The English possessive of French nouns ending in a silent s, x, or z is rendered differently by different authorities. Some people prefer Descartes' and Dumas', while others insist on Descartes's and Dumas's.[citation needed] Certainly a sibilant is pronounced in these cases; the theoretical question is whether the existing final letter is sounded or whether s needs to be added.[citation needed] Similar examples with x or z: Sauce Périgueux's main ingredient is truffle; His pince-nez's loss went unnoticed; "Verreaux('s) eagle, a large, predominantly black eagle, Aquila verreauxi,..." (OED, entry for "Verreaux", with silent x; see Verreaux's eagle); in each of these some writers might omit the added s. The same principles and residual uncertainties apply with "naturalised" English words, like Illinois and Arkansas.[31]

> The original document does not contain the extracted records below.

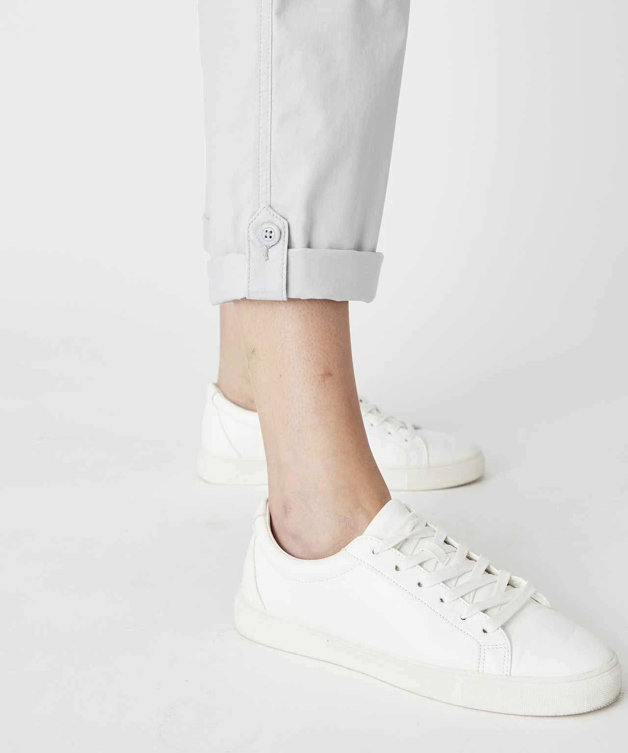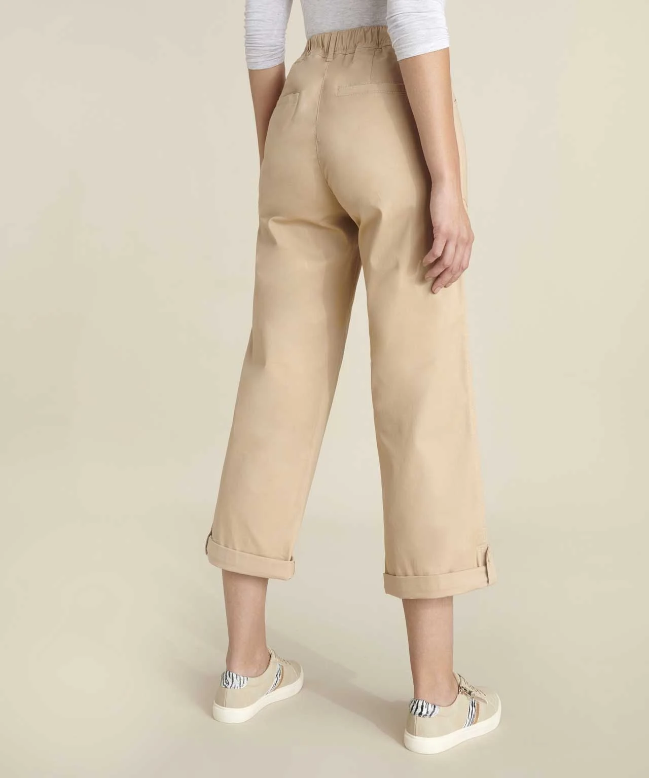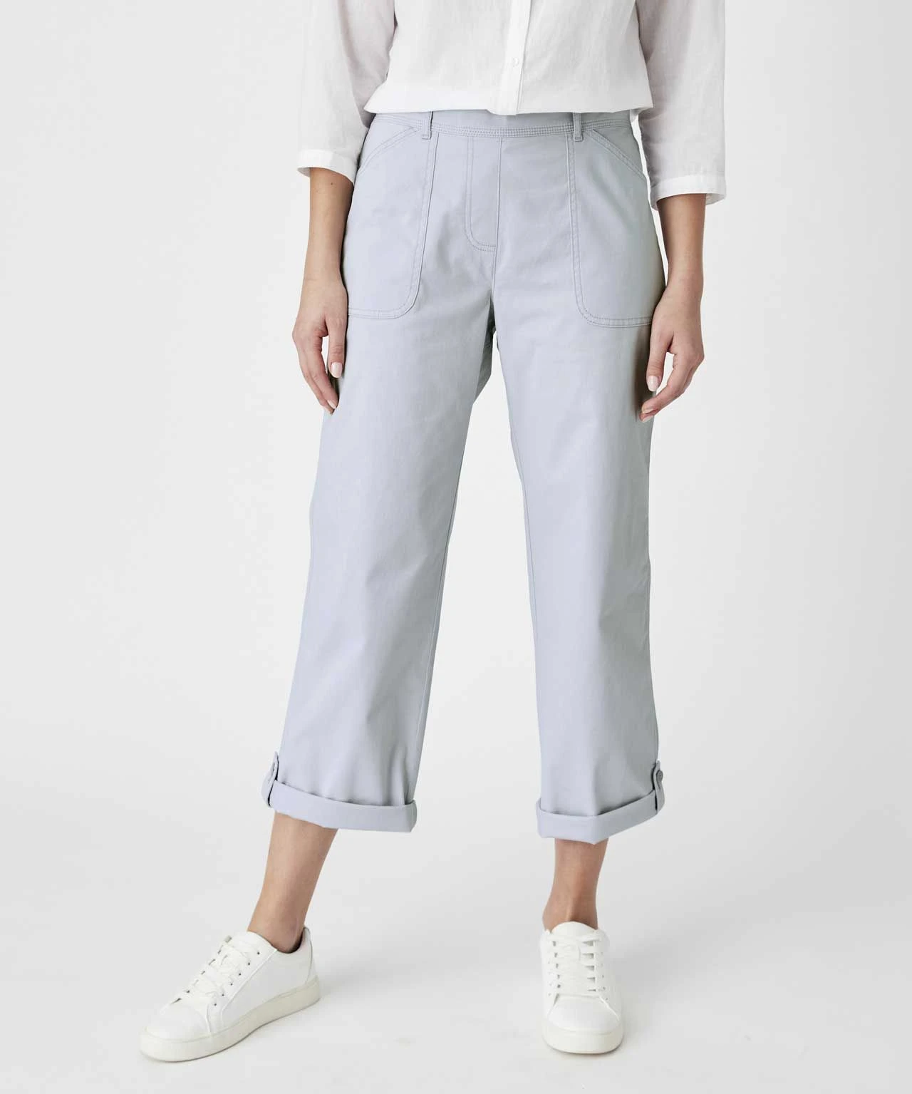Look and feel great this spring with our 7/8 ankle length wide leg trousers. With a touch of stretch at the waist for comfort, patch pockets and turn ups with tab detail. In an easy fit, to look great on casual days. Cotton for comfort that feels fantastic. 98% Cotton, 2% Elastane. Length: 64cm (25″).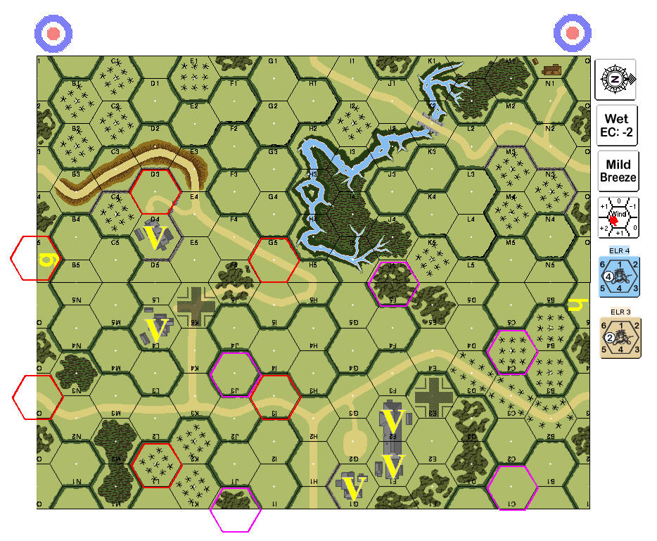 | Misc Rules: | Hedges: Barbed Wire Fence (P3). +1 LV on attacks 2 hexes or more. A: FTV (D3.6) |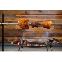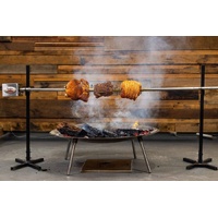Designed with durability in mind, this Heavy Duty Portable Camping Spit Roaster outperforms standard models on the Australian market. Featuring a solid stainless steel 200cm skewer, extra tall supporting legs and a sturdy height adjustment mechanism, it can handle whole animals with ease while staying steady over your firepit or 44-gallon drum.
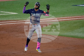 Seattle Mariners' Julio Rodríguez celebrates his solo home run against the Toronto Blue Jays during the third inning in Game 7 of baseball's American League Championship Series, Monday, Oct. 20, 2025, in Toronto. (AP Photo/David J. Phillip)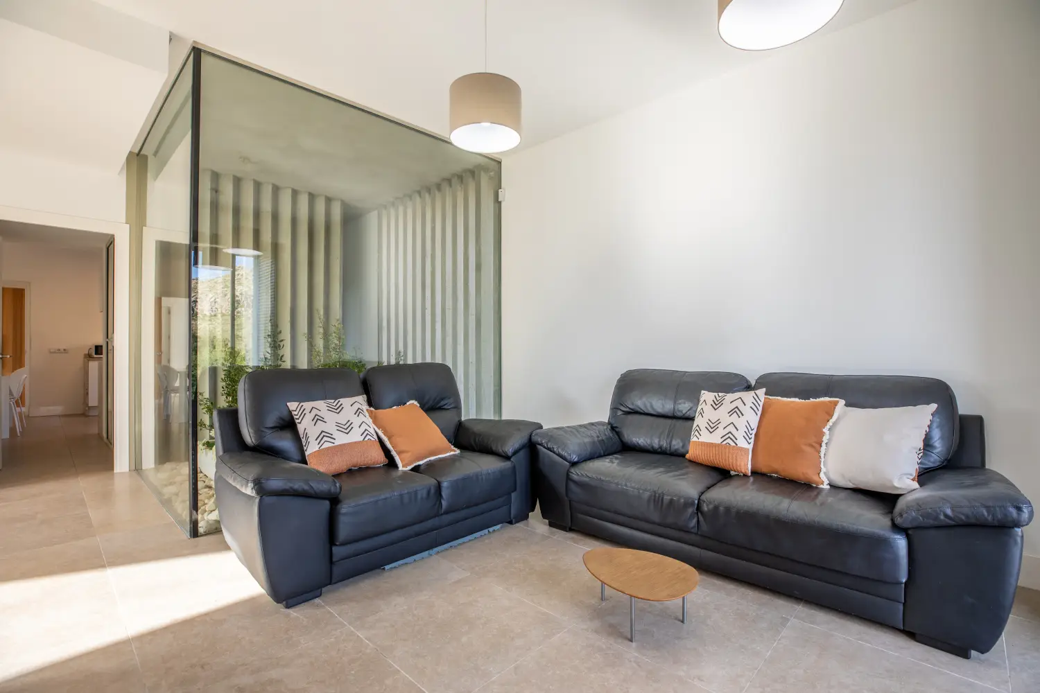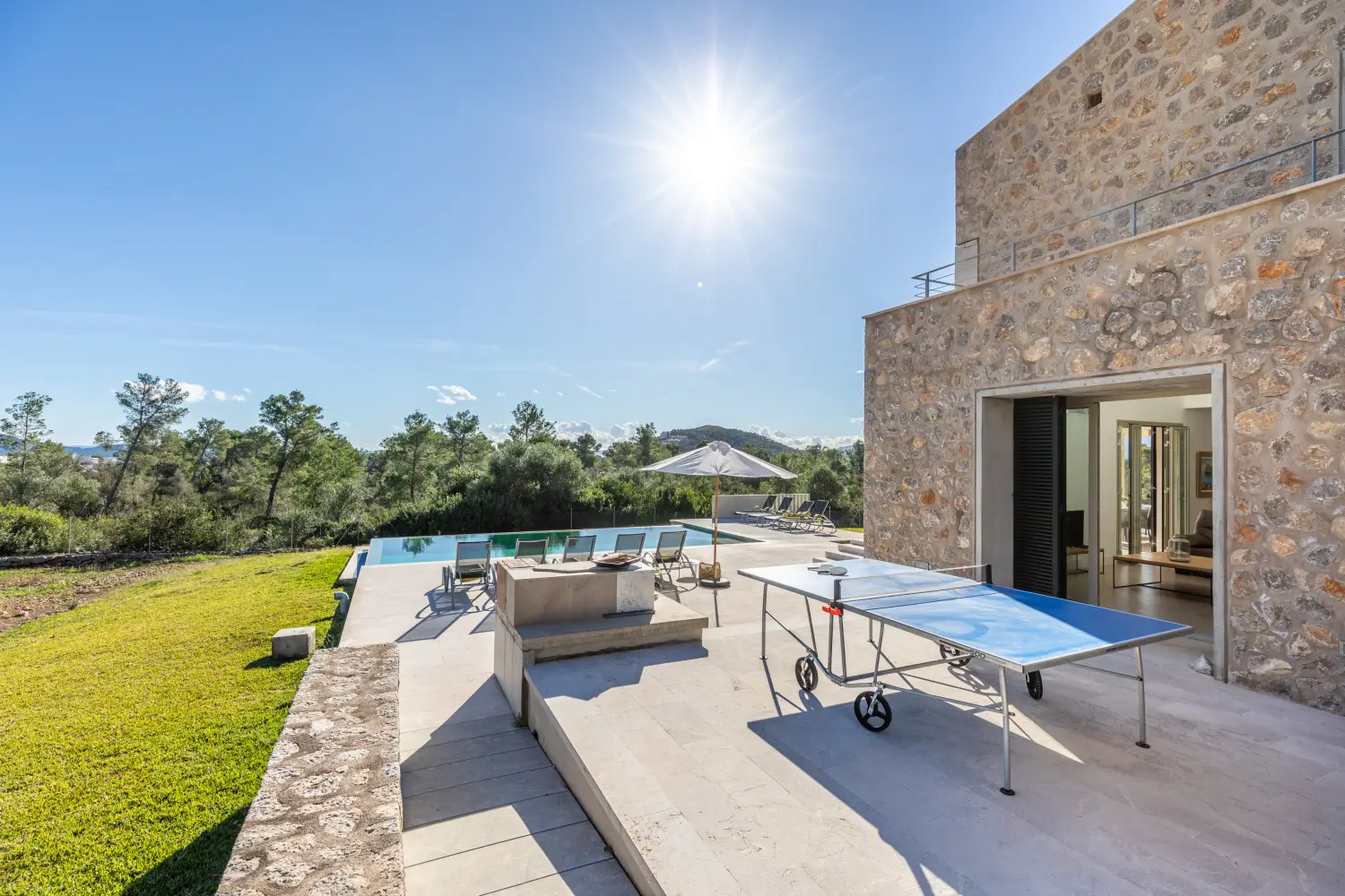 The outdoor spaces are where Villa Talaia Vella truly shines. Long, lazy lunches can be enjoyed on the shaded terrace overlooking the infinity pool. The surrounding gardens are filled with Mediterranean plants and peaceful corners, inviting you to relax with a book or evening drink. And for those with energy to spare, a table tennis table adds a playful touch.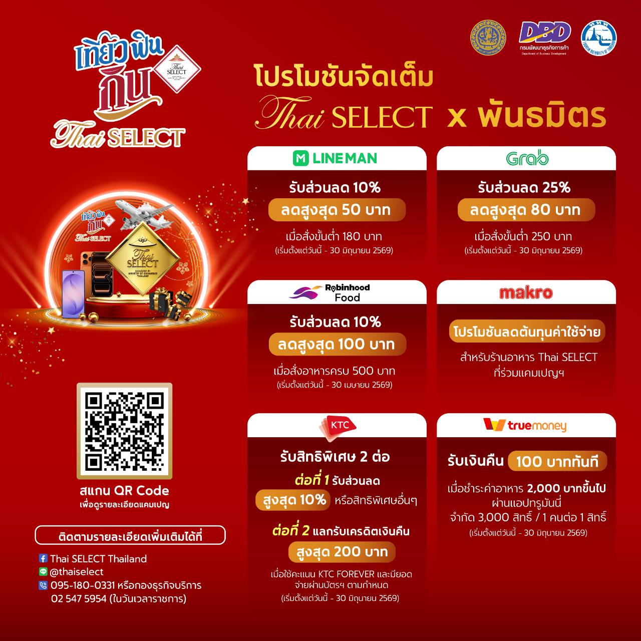 ดูรายละเอียดแคมเปญ “เที่ยว ฟิน กิน Thai SELECT ปี 3” หรือ ค้นหาร้านอาหาร Thai SELECT ทั่วประเทศ พร้อมรับสิทธิประโยชน์อีกมากมายผ่าน Facebook: Thai SELECT Thailand, Line OA: @thaiselect และเว็บไซต์ www.thaiselectth.com หรือสอบถามข้อมูลเพิ่มเติมได้ที่ กองธุรกิจบริการ กรมพัฒนาธุรกิจการค้า กระทรวงพาณิชย์ โทรศัพท์ 0 2547 5954 เว็บไซต์กรมพัฒนาธุรกิจการค้า www.dbd.go.th หรือ Call Center 1570 ” อธิบดีพูนพงษ์ฯ กล่าวทิ้งท้าย
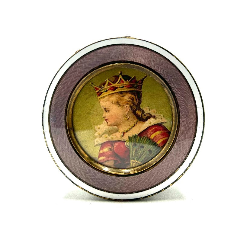 Antique , 19th century , Silvered and enamel French Trinket Box with hand painted Portrait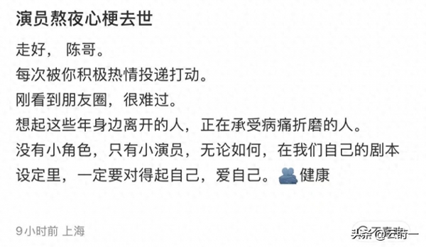 而对于陈宇这样的绝大多数来说,演戏是一场拿着健康做筹码的豪赌。大家都惋惜他这是硬生生把自己"熬"没了。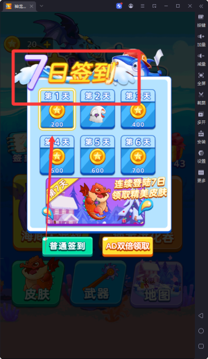 1、每日上线第一时间要查看您的签到奖励哦,得到大量资源,方便后续游戏体验哦。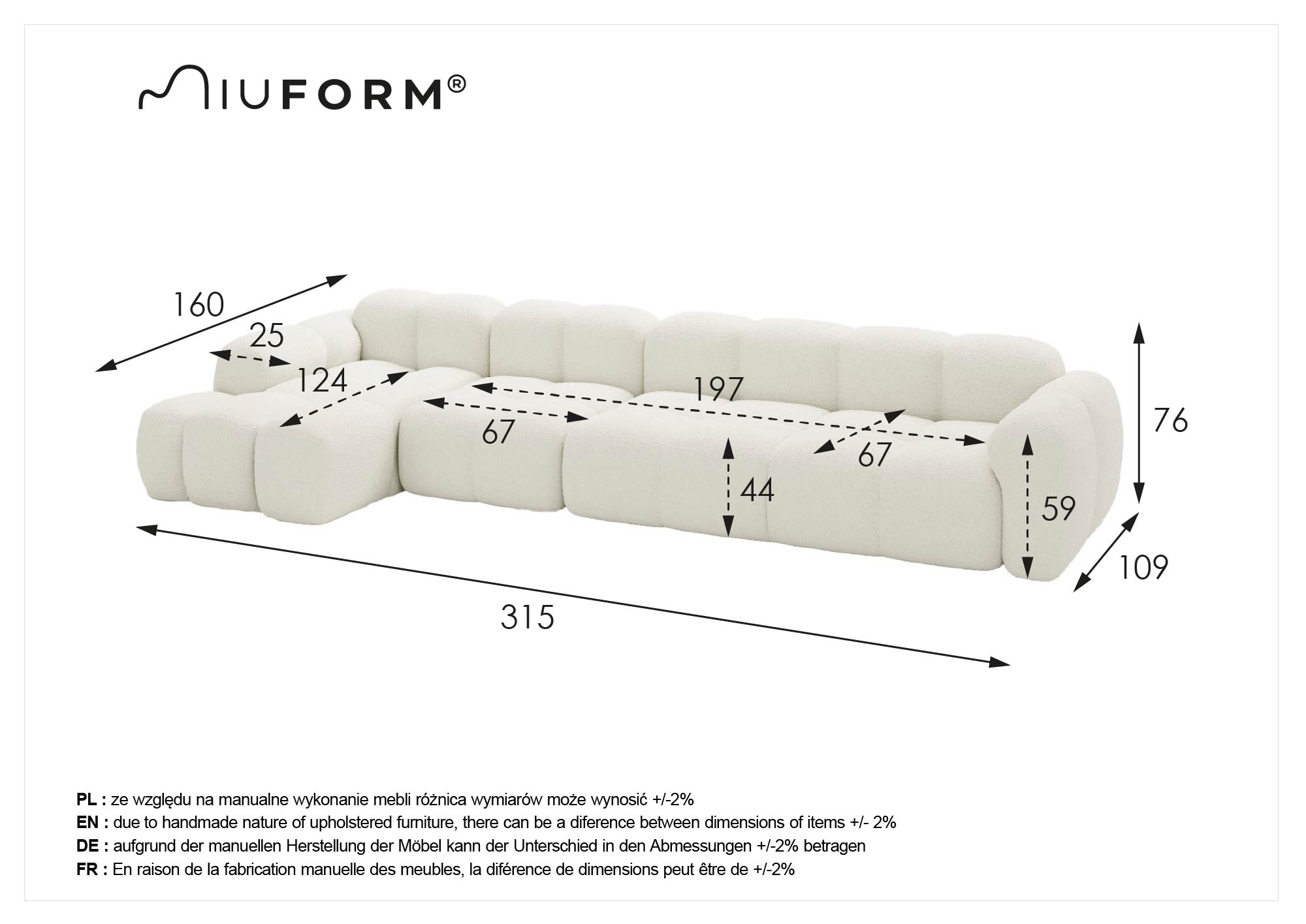 • minimalist, cloud-like look thanks to deep, vertical tufting of the sofas,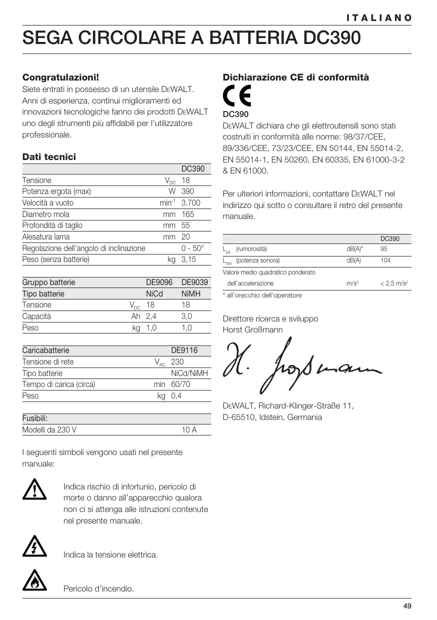 - all’orecchio dell’operatore Direttore ricerca e sviluppo Horst Großmann DE9116 VAC 230 NiCd/NiMH min 60/70 kg 0,4 Fusibili: Modelli da 230 V DEWALT, Richard-Klinger-Straße 11, D-65510, Idstein, Germania 10 A I seguenti simboli vengono usati nel presente manuale: Indica rischio di infortunio, pericolo di morte o danno all’apparecchio qualora non ci si attenga alle istruzioni contenute nel presente manuale. Indica la tensione elettrica. Pericolo d’incendio.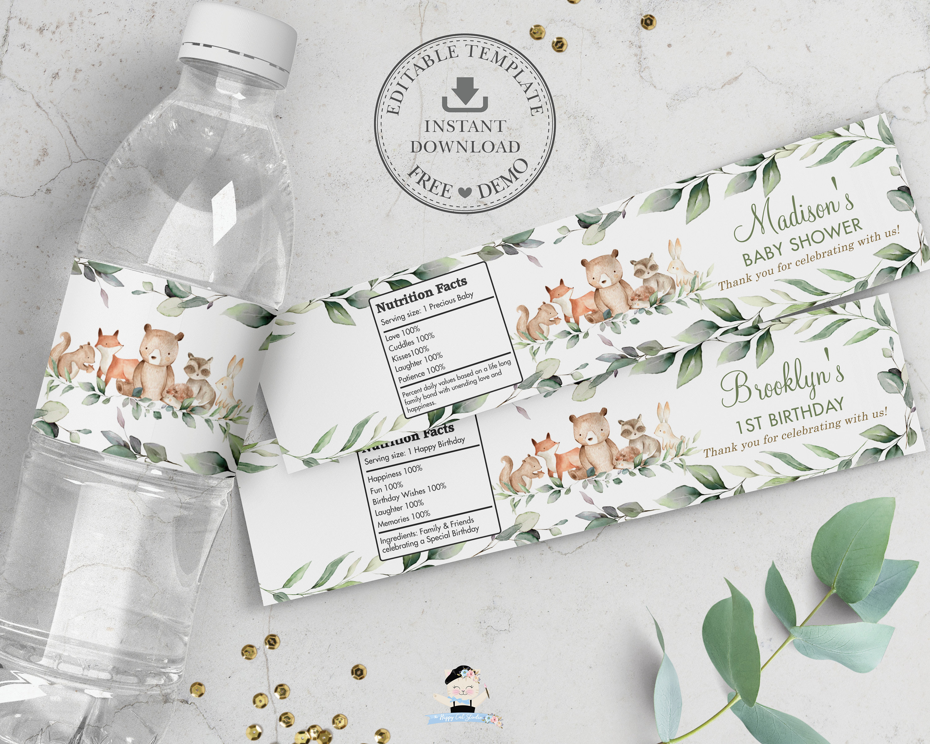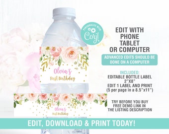 Blush Pink Floral Bottle Label, Editable Water labels Printable,1st Birthday Template,Floral Party,Pink and gold Boho Girl, Instant download

For possessive plurals of words ending in silent x, z or s, the few authorities that address the issue at all typically call for an added s and require that the apostrophe precede the s: The Loucheux's homeland is in the Yukon; Compare the two Dumas's literary achievements.[32] The possessive of a cited French title with a silent plural ending is uncertain: "Trois femmes's long and complicated publication history",[33] but "Les noces' singular effect was 'exotic primitive'..." (with nearby sibilants -ce- in noces and s- in singular).[34] Compare treatment of other titles, above.
Guides typically seek a principle that will yield uniformity, even for foreign words that fit awkwardly with standard English punctuation.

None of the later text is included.